Gore Vidal

Media release

1 August 2012

No one knew the American history better than Gore Vidal. It was in his blood.

He learnt it from a grandfather who served in the Senate, and from his personal association with the great American political families of his time.

From his home atop a Ravello cliff face he spun wonderful stories out of American history, buttressed by a flawless memory and a talent for mimicry.

His historical novels chart the emergence of America as a continental power with centralised government, and what he saw as a descent into imperialism.

He embodied an anti-imperial tradition that goes back to Mark Twain – representing an isolationist viewpoint that once ran deep in America. Gore Vidal believed no foreign war justified a single American life and this view was his fundamental political commitment.

And he loved a political feud – his own being a vendetta against Bobby Kennedy, with whom he clashed while campaigning for the US Congress in 1962.

He told me once that addressing an anti-Nixon rally in Boston he was asked, "Why is Nixon so hated in Massachusetts?" His roared response: "Because having seen so many crooks in its history, the people of Massachusetts recognise a crook when they see one!" The public applause, so strong it was almost a blow to the chest, confirmed in him a love of oratory and the chance to occupy a political stage.

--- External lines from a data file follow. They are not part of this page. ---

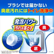 ●洗浄つぶ入り発泡錠が、トイレブラシでは届かない水洗トイレの便器の底(水たまり部分)・奥の黒ズミ・黄バミ・水アカを落とします。
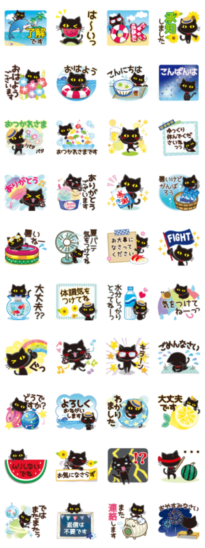 黒猫の涼しげな夏スタンプです〜♪これからの季節に使える気づかい言葉もたくさん♥家族や友達、大切な人に送って暑い夏をのりきりましょーッ!紅おれんじ より発売
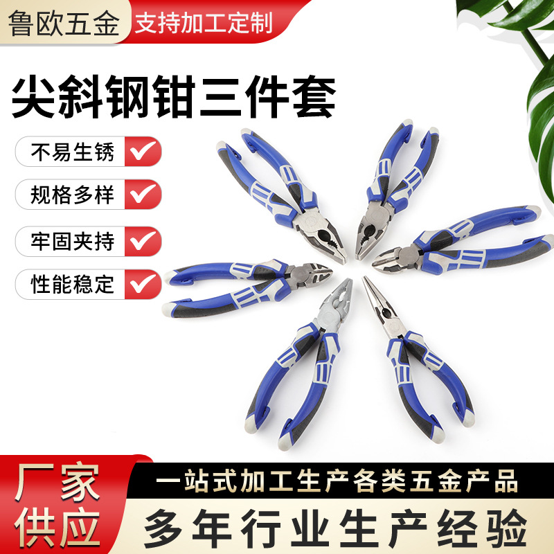 厂家批发销售斜嘴钳钢丝钳尖嘴钳多功能五金工具三件套剪切
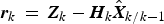 $${\bi r}_k = {\bi Z}_k - {\bi H}_k \phi _{k/k - 1} \left[ \matrix{{\hat{\bi X}}_{g\left( {k - 1} \right)} \hfill \cr {\hat{\bi X}}_{L\left( {k - 1} \right)} \hfill} \right]$$

He would have loved to have been a politician and stood twice – once for Congress and later for the Senate from California. He would have traded all his literary accomplishments for a chance to serve as a long term Senator, and to have one day run for President.

Gore Vidal's passing at age 86 is a loss to his country, to literature and to history.

Farewell to a polymath, a storyteller and a wonderful writer. His essays may have been the best in the language.

There won't be another mind like his.